A highly effective system of oppression

I was looking over available movies yesterday, thinking one might be worth a trip down the hill. Meh. It all seems like crap. Maybe it is the fact of aging and maturing, but enjoyment of a movie requires willing suspension of disbelief. It is harder to do at age 65 than even at age 60. At age 20 I bought into all nonsense. Now I can embrace hardly any. A really good movie, like No Country for Old Men, is so rare as to be worth an automatic academy award, hands down.

There is a rule in movies never to use a real phone number, so that the gods of digits set aside the prefix “555” never to be used outside of cinema and TV. But use of “555” is an intrusion of reality into our fiction, and for me automatically ruins a dramatic event. It is like saying “Stop! This is all fake! ” I do not know why screen writers do not see this and allow phone numbers to pass between actors unstated, unseen on paper notes or via unheard phone calls. They insist on using”555″ and it just ruins their work! (Jason Bourne has committed this sin, even as those movies are somewhat above average in writing quality.)

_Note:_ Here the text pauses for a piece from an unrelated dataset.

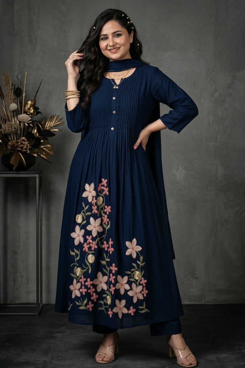 Introducing our soft Cotton Kurti Set—a timeless classic for versatile elegance. This stunning three-piece set features rich embroidery, a designer neckline, and beautifully detailed yoke area in A-line silhouette, paired with matching pants and a Mul Cotton dupatta. Crafted from premium cotton (60*60), this set is breathable, lightweight, and non-transparent—perfect for staying cool and stylish.

But there is more to movies that make them unpalatable for me. Just a few items:

  • In movies, the president is always highly capable, elected by popular vote, and acts independently of corrupt influence. He’s like Harrison Ford on that aircraft, engaging in fist fights and hiding out in the cargo bay, ready to pounce.
  • In movies, journalists are independent, act without supervision, and openly challenge authority. They are pests nipping at the heels of power.
  • In movies, television news cameras (when part of a plot) merely record reality, rather than creating it. Power careens in fear of exposure on TV news.
  • In movies, corruption is resolved, bad guys are jailed or killed. It is a happily-ever-after world.

None of that is reality.

  • Our presidents are selected, and deemed corruptible before assuming office so as to be controllable. This is true of every elected office down the line. A strong and independent person holding public office is a rarity, like an albino.
  • Journalists are trained to avoid questioning their bosses, their owners, and so focus their career on “professionalism,” or living without expressing an opinion. It’s a safe harbor, an incurious nature that protects them from retribution. (Is it not odd that journalists praise each other for their incuriosity?!)
  • The flat screen only works on us because it invites us in to participate in fiction. We suspend reality. We supply the missing dimension, and literally enter the screen.  What we see on the screen is always an imperfect substitute, so that tricks have to be used. While you may think trickery is how they make fiction work, it is also how they make “news” work. News is fiction too. Everything on TV and in movies, including documentaries, is fake. The presence of a camera makes us all actors.
  • Corruption is so prevalent that it is like mixing yellow with blue. We think the world is green, but only because the yellow of corruption has tinted everything. Government, corporations, journalists, law enforcement all have yellow coursing through their veins. It is so prevalent as to be unnoticed. Ours is a corrupt nation, through and through.

Unaccountable power got us into our mess. It would take a revolution to get us out, but revolution requires courage, intelligence and communication. While people don’t lack for courage, our education system, also corrupted beyond saving, has ensured that we are not able to think our way out of a beer bottle.

Combine education with entertainment and news, and our is as effective a system of oppression as has ever existed in the planet.

3 thoughts on “A highly effective system of oppression

  1. Clearly there is a plan behind all this oppression and control. We are being herded. But to where, and to what end? What naturally follows adoption of all the anti-national global trade arrangements if not global, neo-feudalism? Or it might rather be called inverted-totalitarian corporatism. Yes, Swede, this is a variant of “collectivism.”


    1. That is an interesting comment, as it seems to pull the present out of history and treat it as new and different. But thinking back to how the Roman Empire used Christianity to control the herds, I have to imagine that what we see now is what has always gone on, with no great end plan other than preserving the wealth creation machine and assuring that the harvest is not distributed evenly.


  2. Sure seems that way. Same intention, new technology, which creates opportunities Roman oligarchs, politicians, navies and armies could not conceive. Take for instance the nation-state. How long can that structure, itself a product of new technology, last in this wave of digital, chemical and biological technology?